— DATA PROVIDED —
-.-.-

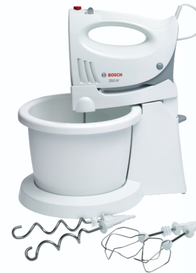
Hand Mixer with Rotating Bowl
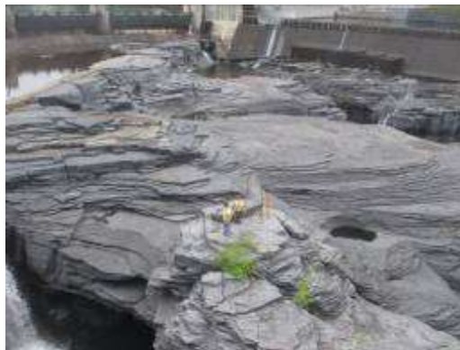
View of surveyors from the bridge.
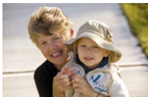
The perfect community for families of all ages
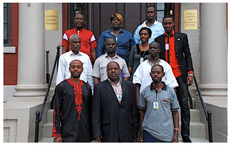
The journalists who visited the Africa Center represent a combined total audience of more than 100 million.
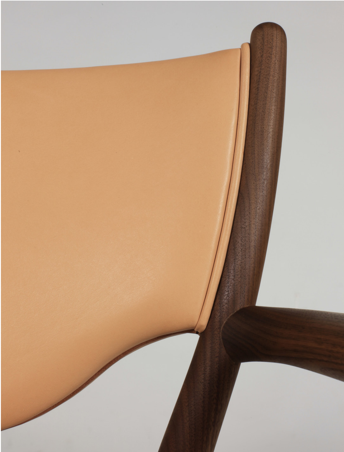
46 ARMCHAIR 1946 BY FINN JUHL
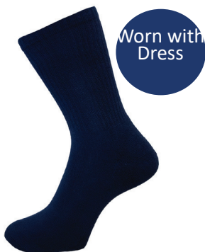
Socks Navy 3pkt
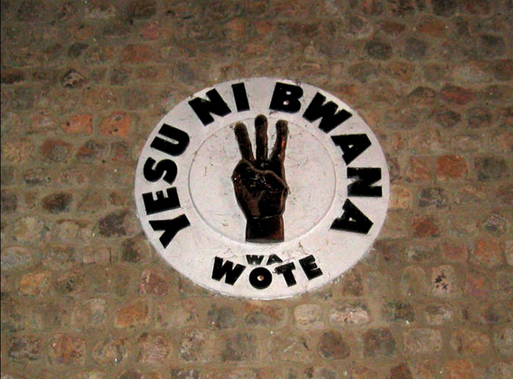
Jesus is Lord -- Mulungwishi Methodist Church, DR Congo
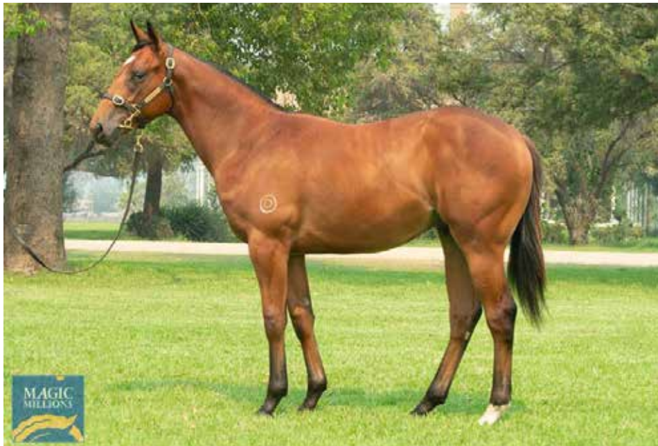
Astrologer - pictured as a yearling

G1G Racing and Breeding share in ownership of ten juveniles stepping out in Sydney heats
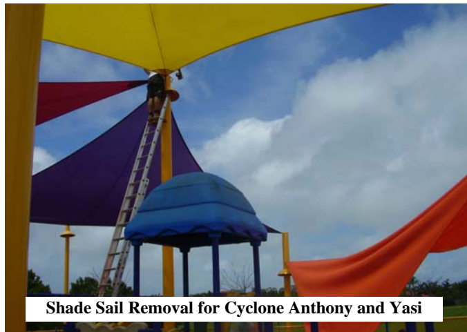
Shade Sail Removal for Cyclone Anthony and Yasi

A seat was also installed at Midge Point and a memorial seat at Blacks Beach.
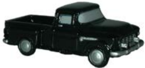
# 063243 - Pick-up truck (static model)
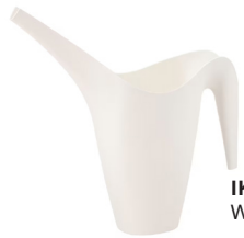
IKEA PS 2002 Watering can

2. Experiment, assemble and create creatures and plants based on the template, or create something completely different. It's a lot of fun!
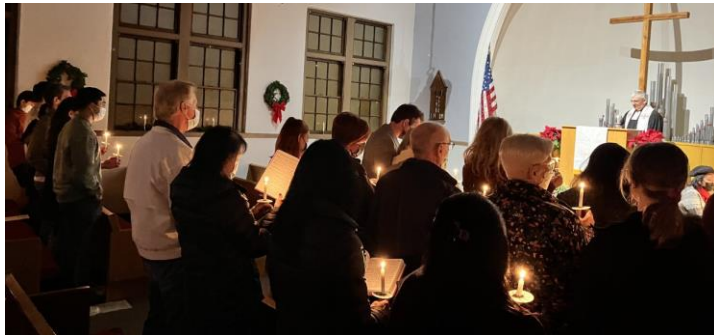
Christmas Eve attendees sing.
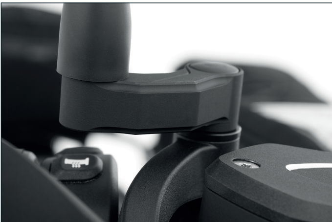
Wunderlich mirror extension (Item-No.: 26100-002)
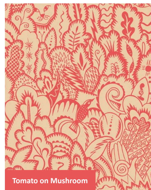
Tomato on Mushroom
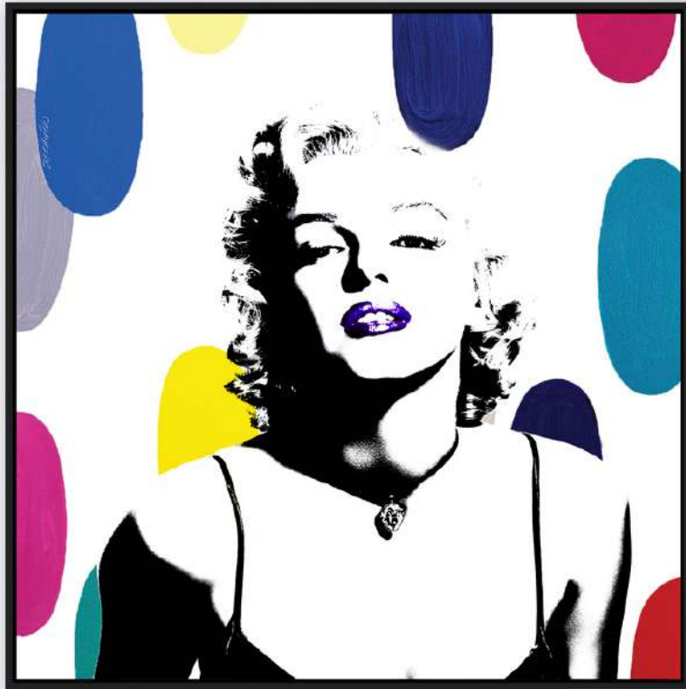
Marilyn Jelly Bean #4, 2022 mixed media on canvas 48" x 48" (122 x 122 cm)
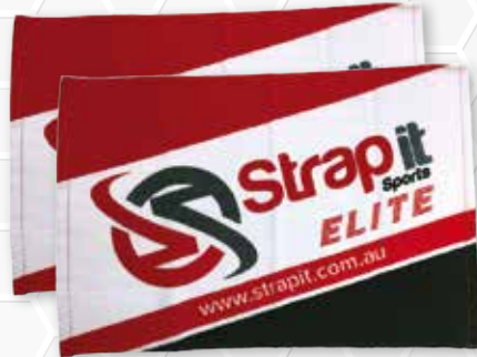
Strapit Towel x2
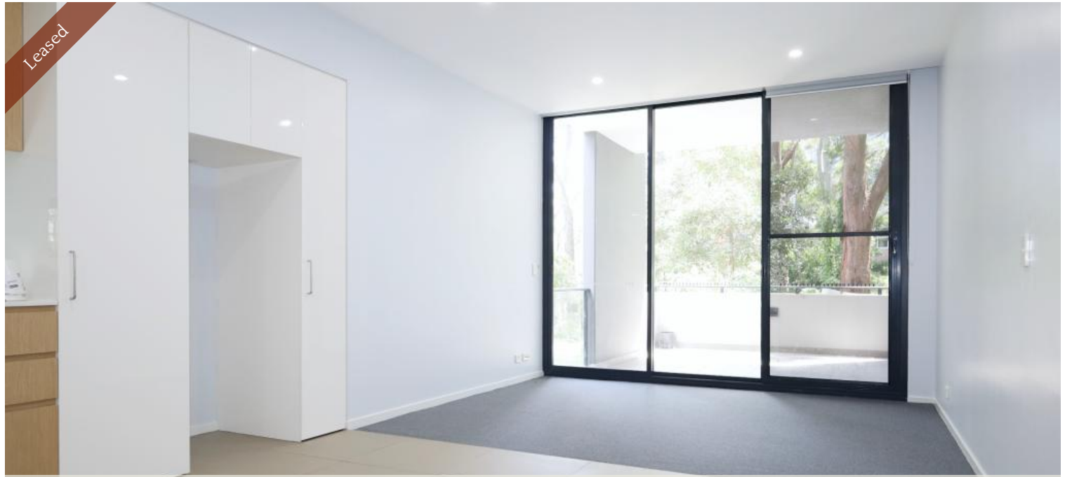
2, 8 Saunders Close, Macquarie Park

-.-.-

— TASK TO COMPLETE —
Output all of the records word for word, and keep the pictures out of the copy.

— SOLUTION TO THE EXERCISE —
Hand Mixer with Rotating Bowl
View of surveyors from the bridge.
The perfect community for families of all ages
The journalists who visited the Africa Center represent a combined total audience of more than 100 million.
46 ARMCHAIR 1946 BY FINN JUHL
Socks Navy 3pkt
Jesus is Lord -- Mulungwishi Methodist Church, DR Congo
Astrologer - pictured as a yearling

G1G Racing and Breeding share in ownership of ten juveniles stepping out in Sydney heats
Shade Sail Removal for Cyclone Anthony and Yasi

A seat was also installed at Midge Point and a memorial seat at Blacks Beach.
# 063243 - Pick-up truck (static model)
IKEA PS 2002 Watering can

2. Experiment, assemble and create creatures and plants based on the template, or create something completely different. It's a lot of fun!
Christmas Eve attendees sing.
Wunderlich mirror extension (Item-No.: 26100-002)
Tomato on Mushroom
Marilyn Jelly Bean #4, 2022 mixed media on canvas 48" x 48" (122 x 122 cm)
Strapit Towel x2
2, 8 Saunders Close, Macquarie Park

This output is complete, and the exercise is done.